- Theatrical release poster
- Directed by: Irshad Khan
- Written by: Rashid Khan
- Starring: Rajpal Yadav Omkar Das Manikpuri Zakir Hussain Rushad Rana
- Cinematography: S. Kannan
- Edited by: Rohit Dhiman
- Music by: Rahul Mishra
- Production companies: Blackk Stone Entertainment Black Pearl Movies Pvt. Ltd.
- Release date: 16 October 2015;
- Country: India
- Language: Hindi

= Bumper Draw =

Bumper Draw ( Hindi: बंपर ड्रा ) is a Bollywood Hindi comedy film starring Rajpal Yadav, Omkar Das Manikpuri (Natha), Zakir Hussain and Rushad Rana. Directed & produced by Irshad Khan Co. and produced by Dinesh Kumar, the film was released to cinemas on 16 October 2015.

==Synopsis==
Bumper Draw is a hilarious film about two characters – Sunderlal & Farooq who befriend each other in a strange situation. After which, they both encounter Pestonji, an old Parsi man who adds to their existing list of problems. However at the end, Pestonji is the one who turns out to be a reward for both of them.

== Marketing and promotion ==
Director-producer Irshad Khan threw a party to celebrate the completion of his upcoming Hindi comedy movie Bumper Draw. The entire team was present to be a part of this celebration. Leading actors Rajpal Yadav, Rajesh Desai, Narendra Bedi, Singer Mudasir Ali and Co-producer Reshma Khan were seen at this do. Irshad Khan's close friends actor Irrfan Khan and filmmaker Tigmanshu Dhulia joined the celebrations held at Levo Lounge, Andheri.
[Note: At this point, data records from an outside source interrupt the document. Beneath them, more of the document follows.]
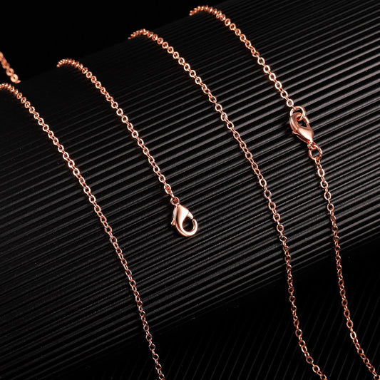 ALEXCRAFT Wholesale 12PCS Rose Gold Plated Solid Brass Chain Hypoallergenic Flat Cable Chains Link Bulk for Jewelry Making(18"(1.5MM))
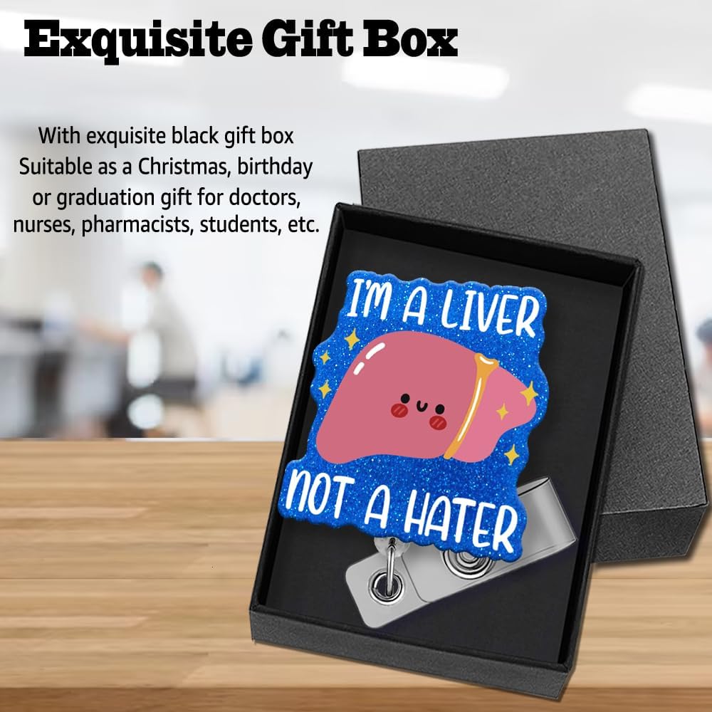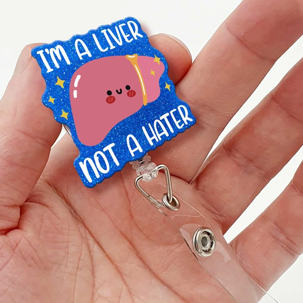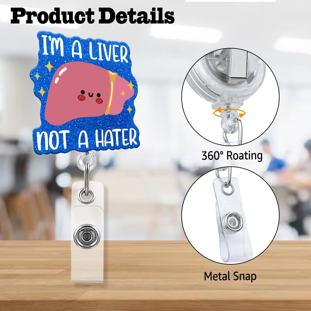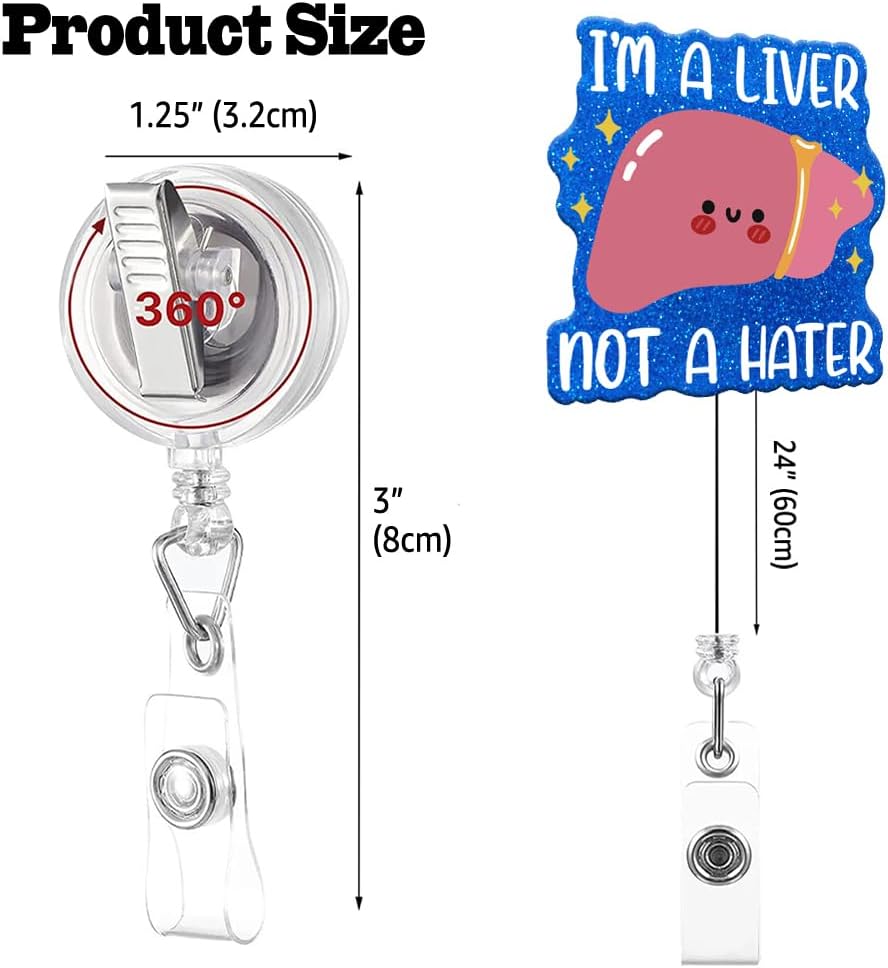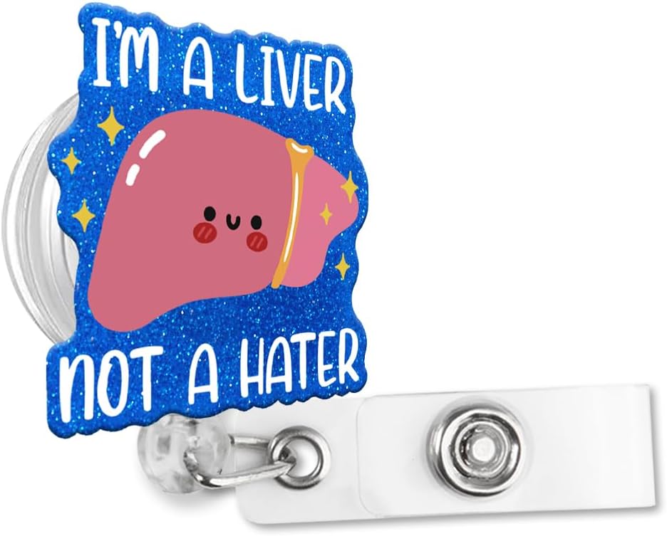 أنا كبد وليس كارهًا بكرة شارة لامعة قابلة للسحب مع مشبك التمساح، هدية حامل شارة عيد الميلاد المضحكة لطبيب الكبد وأخصائي أمراض الجهاز الهضمي والطبيب والممرضة والتمريض والعمل المكتبي الطبي
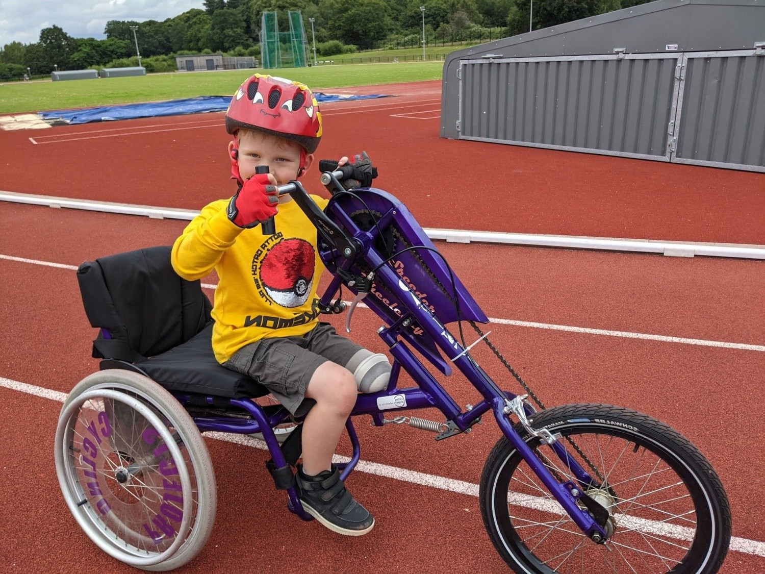 We tried a seated hand bike as an alternative and, after getting used to aching arms, he got on with it really well. The hand bike also means he doesn’t need to wear his prosthesis.
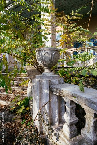 Fototapeta premium Old ruined abandoned overgrown mansion
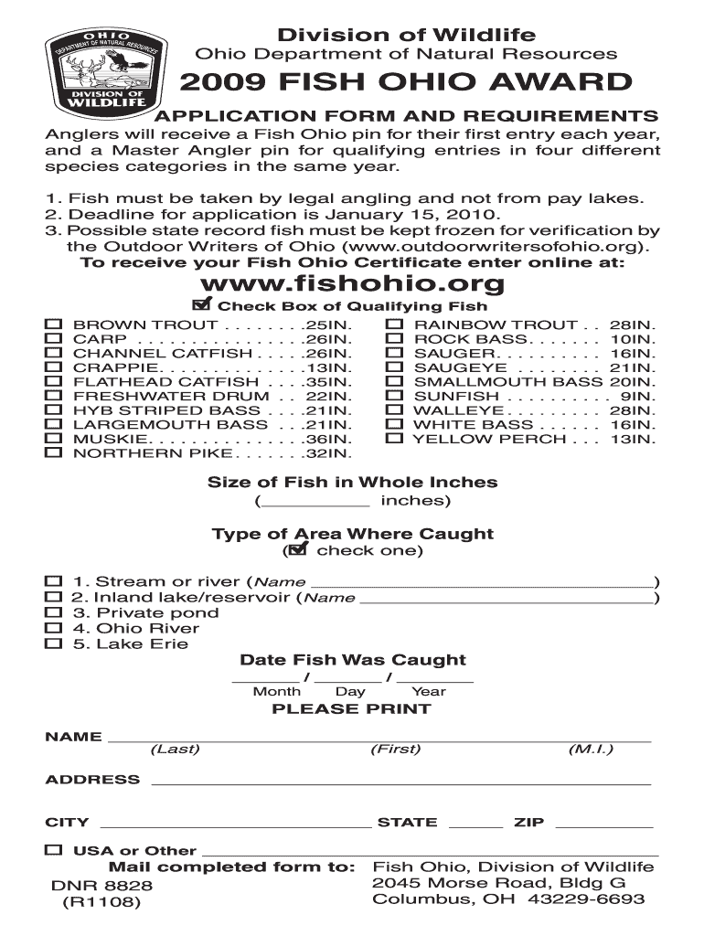 Division of Wildlife Ohio Department of Natural Resources2009 FISH OHIO AWARD
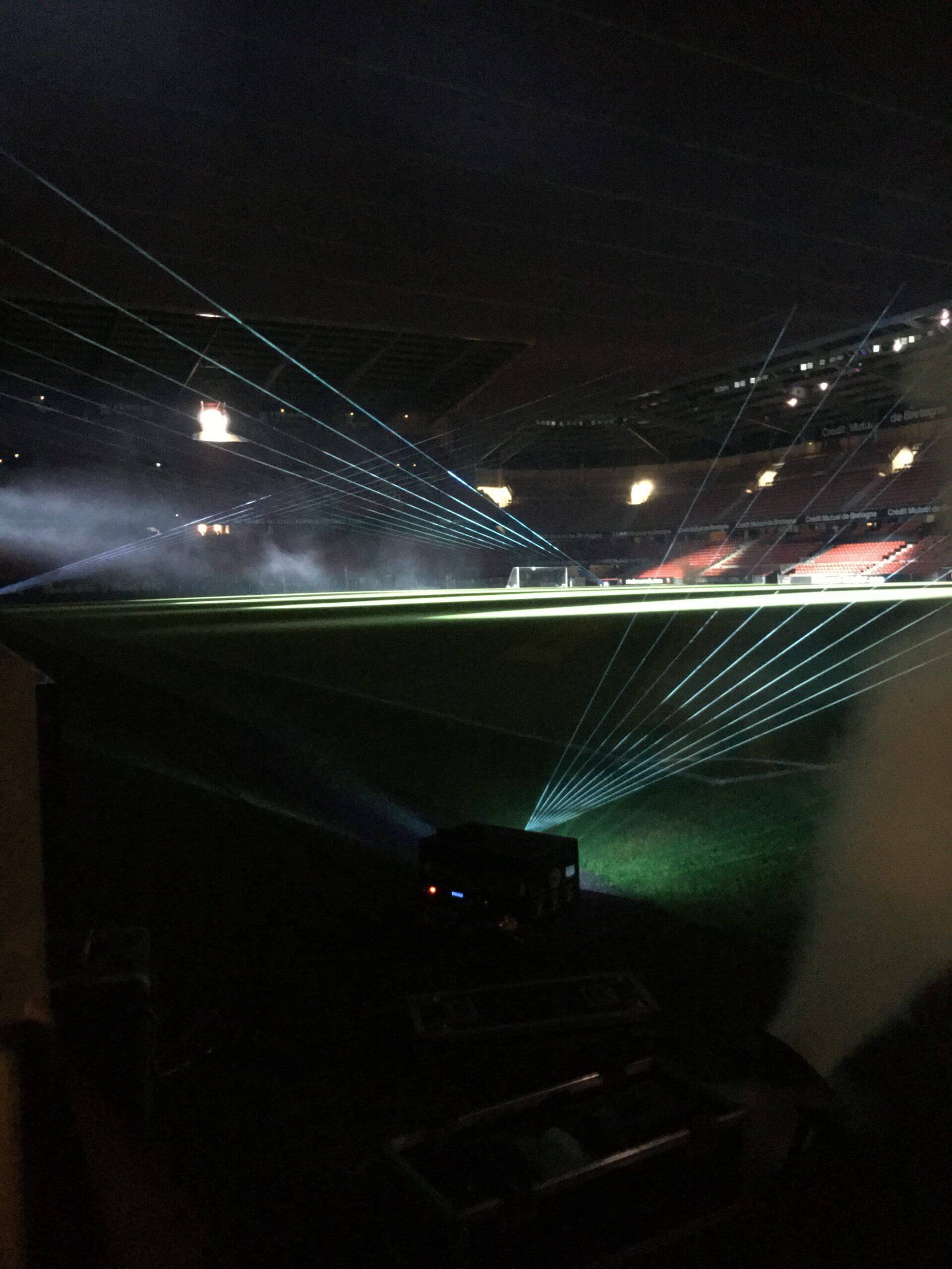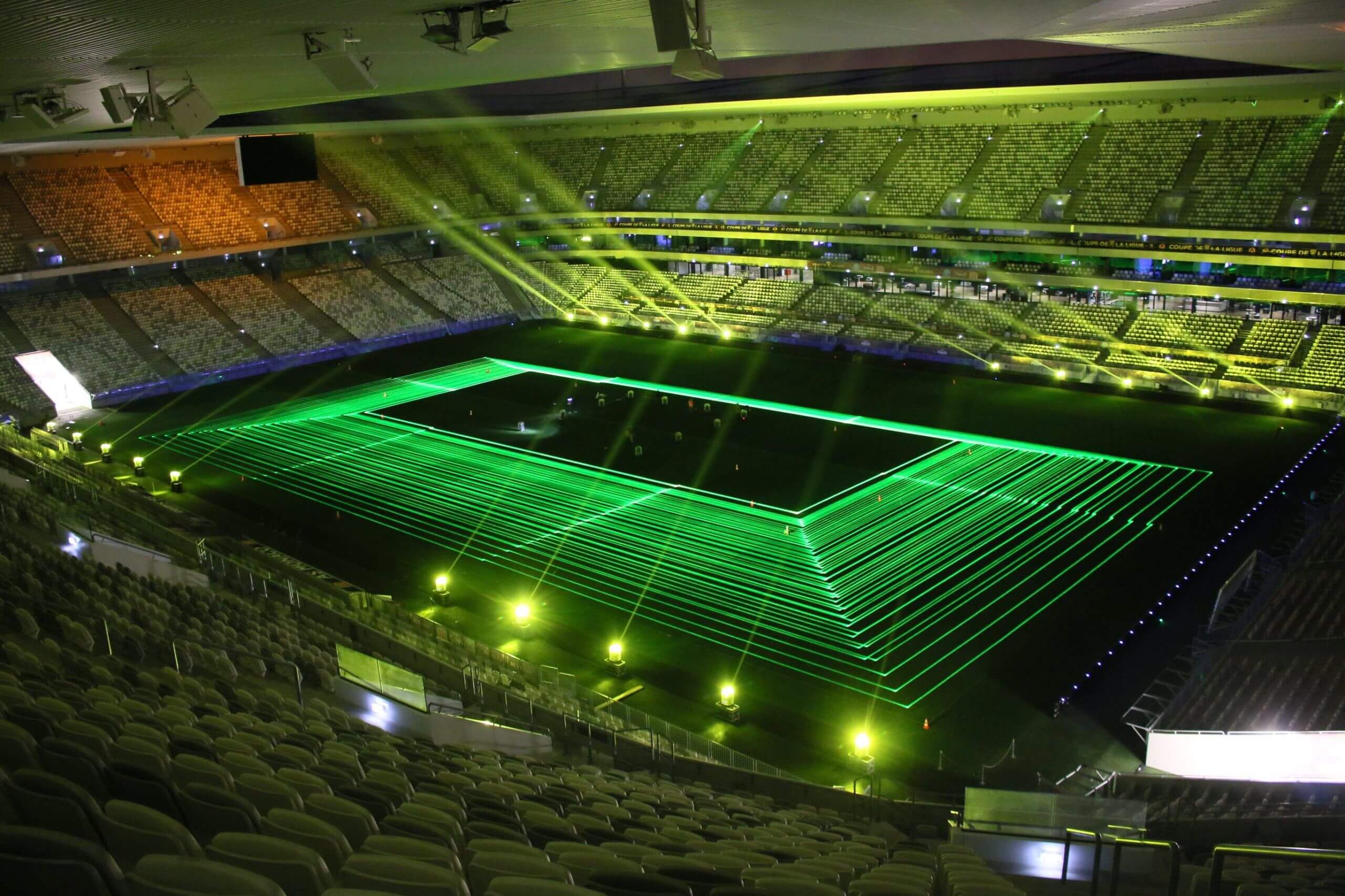 Our technicians use lasers with high-quality diodes in order to create a precised and animated mapping show achieved thanks to fine strokes and marked contours. This high-end material also allows to project texts, writings, logos, drawings, and even videos. All of this has a wide range and a great projection angle allowing spectators to fully appreciate a unique show including visuals and sounds. Our mapping performances are a hundred percent customizable and easily adapt to your project. Therefore, we are able to create shows outside or inside, no matter if it is to complete a sports room or a huge sports field.
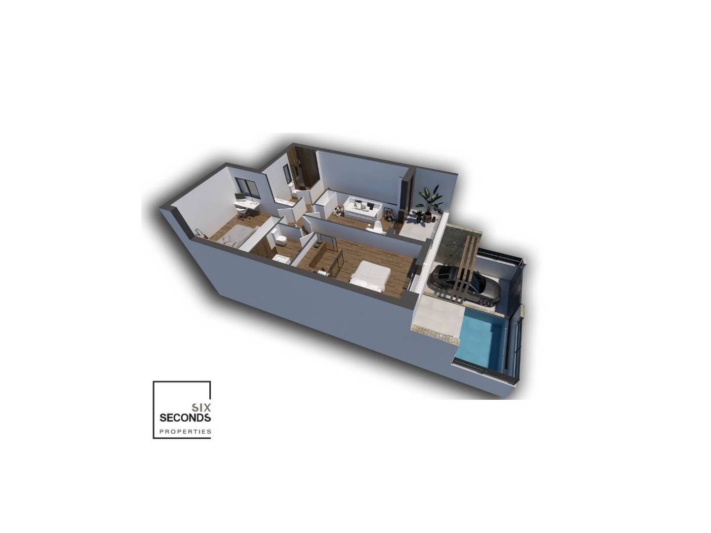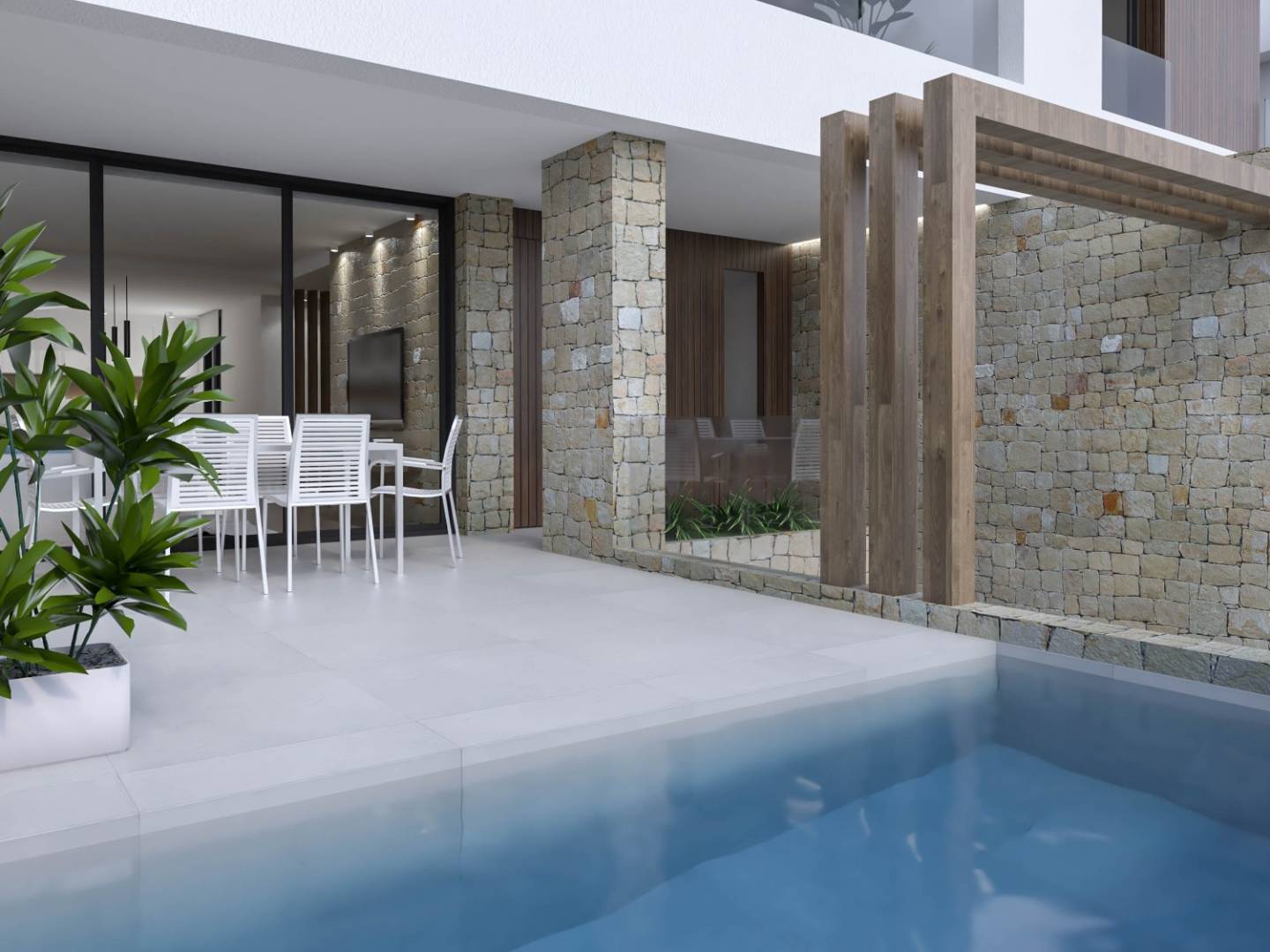 Im Erdgeschoss gibt es eine großzügige Terrasse, eine moderne offene Küche und ein Wohn-/Esszimmer mit direktem Zugang zu einer Terrasse und einem privaten Pool , wo Sie Ihre Freizeit genießen können, ohne das Haus verlassen zu müssen. Im Obergeschoss befinden sich 3 Schlafzimmer, eines davon mit Ankleidezimmer. Darüber hinaus gibt es eine zusätzliche Terrasse, auf der Sie die Sonne und die frische Luft genießen können. Insgesamt verfügt jedes Stadthaus über 3 Badezimmer sowie einen eigenen Parkplatz.
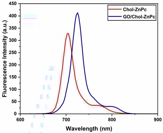 As is known, the efficiency of fluorescence emission is important in PDT applications, particularly for image guidance. In this sense, we studied the fluorescence spectra of Chol-ZnPc and GO/Chol-ZnPc in DMSO, as can be seen in Figure 7, and calculated the according to Equation (1) [76]:

After this completion party, the team launched the first look of the film at Wilson College's annual fest Adorea 2015 on 23 August. Bumper Draw is scheduled to release on 16 October.

The trailer of the movie was launched amidst much fanfare at Carnival Cinemas in Andheri on 14 Sep. 2015. The film's lead actors were Rajpal Yadav, Zakir Hussain, Rina Charinya, T.P. Aggarwal, Raj Patel, Reshma Khan and Dinesh Kumar among others.

==Cast==
- Rajpal Yadav As Farooq
- Zakir Hussain as Gali Babba
- Subrat Dutta as Villium
- Rushad Rana as Nariman
- Bomi Dotiwala as Pestonjee
- Omkar Das Manikpuri as Sunderlal
- Meera as Item Song Girl
- Seema Azami as Komal Bai
- Abhishek Ingale as Rafiq
- Deepa Sethi as Priya
- Reena Charnya as Sharmila
- Narendra Bedi as Dr. Y I M Bedi
- Harish Kumaar as Haricharan
- Sitaram Panchal as Vaman Bhalerao
- Hrishikesh Joshi as Inspector Parab

== Soundtrack ==
The soundtrack for the movie was composed by Rahul Mishra and the lyrics were penned by Irshad Khan.

| No. | Title | Singer(s) | Length |
|---|---|---|---|
| 1. | "Lukkhe Bade Aate Hain" | Mohammed Irfan | 3:18 |
| 2. | "Jod Jod" | Mamta Sharma & Altamash Faridi | 3:41 |
| 3. | "Khamakhan" | Mudasir Ali | 4:48 |
| Total length: |  |  | 11:47 |

== Sequel ==
A sequel of the film titled Phir Se Bumper draw’ was announced on 26 July 2024 with the shoot beginning on 20 September 2024 in Mumbai and Dubai.